- Origin: Okinawa, Japan
- Genres: Electronica/Uchinaa pop
- Years active: 2002 - present
- Labels: Respect Records (Japan)
- Members: Jon Taylor, Keith Gordon
- Website: http://www.ryukyu-underground.com/

= Ryukyu Underground =

Electronic music duo

Ryukyu Underground (琉球アンダーグラウンド, Ryūkyū Andāguraundo) is an electronic music duo, consisting of Keith Gordon and Jon Taylor, whose music is heavily based on and inspired by traditional Okinawan folk music.

==Artistic style==
The duo's music blends Okinawan folk songs with Western dance music and dub, and they often collaborate with native Okinawan singers and other musicians. Though their music may at times sound like a DJ's mix of dance tracks with min'yō tracks, it consists mostly, if not entirely, of compositions composed, performed and recorded as original, new pieces.
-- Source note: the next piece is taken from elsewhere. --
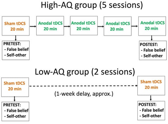 For this study, we selected two well-known tasks that are representative of cognitive ToM skills, that is, the false belief task and the self-other judgment task, which are associated with activations in the rTPJ. Both tasks involve a dissociation between representations of the self and representations of the other. The false belief paradigm consists of presenting stories in which a protagonist performs an action based on a false belief because he/she is unaware of a critical event, which the reader/listener knows. For example, “Mary puts her chocolate in the top drawer of the table, and while she was at the school, her mother moved it to the bottom drawer of the table. When Mary comes back home, will she look for the chocolate in the top drawer?” To correctly answer this question, participants need to recreate the outdated belief of the protagonist to understand her actions (looking in the top drawer) even though they know the chocolate is actually in the bottom drawer. These stories are contrasted with stories of “false photos” that also require the representation of outdated content but do not involve monitoring the characters’ beliefs. For example, “An old photo showed a house with a front door and two windows on the sides. In 2010 one of the windows was replaced with a new door. Did the old photo show the two doors?” Therefore, false belief stories and false photographs are similar in their general difficulty, logical complexity and inhibitory demands, but differ in the need to think about someone’s thoughts (false beliefs) [,,]. We expect that the anodal tDCS on rTPJ can improve the performance of the high-AQ participants in the false belief task, but not in the false photo task.

It may draw extensively from traditional lyrics, tunes, and chords, it is never simply mixed from pre-existing recordings by other artists, and always includes considerable original elements. The pair started out incorporating vocals and other elements via sampling, on later albums and other releases they have worked directly with Okinawan artists, recording vocals and other elements live in the studio. The duo has released four albums, and their music has been included in Buddha Bar compilation albums and used on a variety of television programs, documentaries, and other media.

Though questions could be raised about Westerners appropriating Okinawan music, the duo's reception in Okinawa by locals has been described as "ecstatic". The duo first tested their music in dance clubs in Okinawa, and were well received, the natives even dancing traditional kachashi dances to it. In an interview in 2003, Taylor expressed that "we are both sensitive to the fact that Okinawan music is an important part of Okinawan culture, and we certainly don't want to disrespect it or commercialize it in a cheap way for profit. However, I'm confident we haven't done either."
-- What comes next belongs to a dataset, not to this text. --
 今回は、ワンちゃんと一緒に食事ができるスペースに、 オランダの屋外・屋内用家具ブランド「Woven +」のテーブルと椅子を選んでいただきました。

Taylor cites Rinken Band, the Nenes, and Champloose, the leading bands of the 1970s Uchinaa pop boom, among the duo's influences. Just as those bands took up electric guitar and other "modern" instruments and sought to replicate the traditional folk songs, so Taylor notes that he and Gordon saw potential in doing something similar using computer equipment.
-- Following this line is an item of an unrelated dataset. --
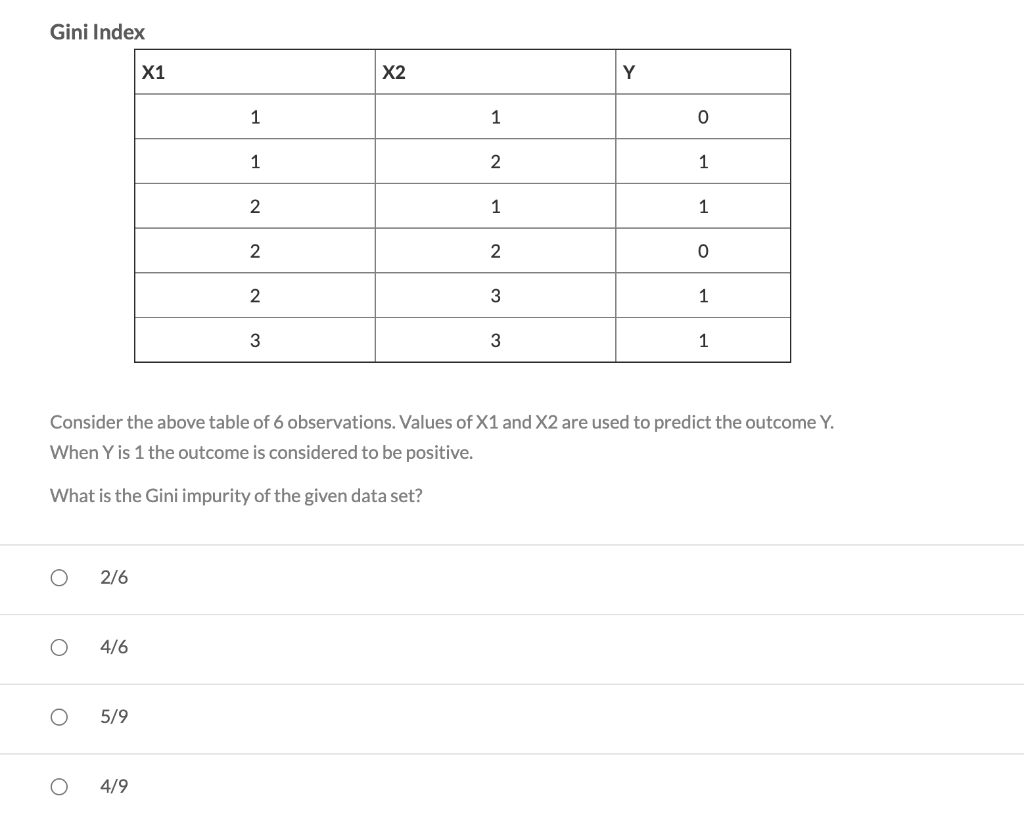Solved Gini Index X1 X2 Y 1 1 0 1 2 1 2 1 1 2 2 0 2 3 1 3 3

Most of Ryukyu Underground's albums and singles are released by the label Respect Records (Japan).

==Background==
Gordon grew up in Newcastle upon Tyne, in England, and was a fan of David Bowie and early punk music. He first started playing music in the early 1980s, primarily on synthesizer but is said to have been "out of sync with the mods and metalheads around him", before shifting to DJing and organizing events in Manchester. In an interview with the Japan Times, he describes this as "a good time to be in Manchester," but by the late 1980s, he was tired of the aggressive scene there.

Leaving England, Gordon spent some time in Denmark, where he found a more open and welcoming environment for his music. One of his tracks, a remix of the theme to the television show "Twin Peaks", was No. 1 on the Finnish charts for a time.

Gordon eventually left Denmark and after four years traveling through Asia and Australasia ended up in Okinawa, where in 1998 he met the American Jon Taylor, who was there doing doctoral research on the environmental problems faced by the islanders. Taylor had previously been a member of The Subjects, an electronic group, and had played guitar for several reggae groups, including U-Roy and The Ethiopians. Gordon describes Taylor as having been the one to motivate him into starting Ryukyu Underground and taking it seriously.

Gordon still lives in Okinawa today, while Taylor lives in Los Angeles, where he works as a professor of geography; the two continue to collaborate by exchanging music and other data through the internet.

==Discography==
===Albums===
- Ryukyu Underground (2002)
- Mo Ashibi (2003)
- Ryukyu Remixed (2004)
- An Evening with Ryukyu Underground (2005)
- Shimadelica (2006)
- Umui (2009)

===Maxi-Singles===
- "Hana" (2003)
- "Kuiji nu Hana" (2004)
- "Okinawa Lounge" (2004)
- "Kogane no Hana" (2006)
- "Seragaki" (2004)

===Tracks Appear On===
- Buddha Bar VI
- Buddha Bar VII
- Buddha Bar XII
- Taipei Lounge 2
- Double Standard - Sunaga T Experience
- Peace Not war - Japan
- The Maze Vol. 2 - The Avantgarde Of Trance
- Zen Connection 3
- Baroque In Session 02
- Side-Tracked
- World Meditation - Spiritual Music For Modern Living
- A Tango for Guevara and Evita (Miyazawa Kazufumi)
- "Bar: Tokyo"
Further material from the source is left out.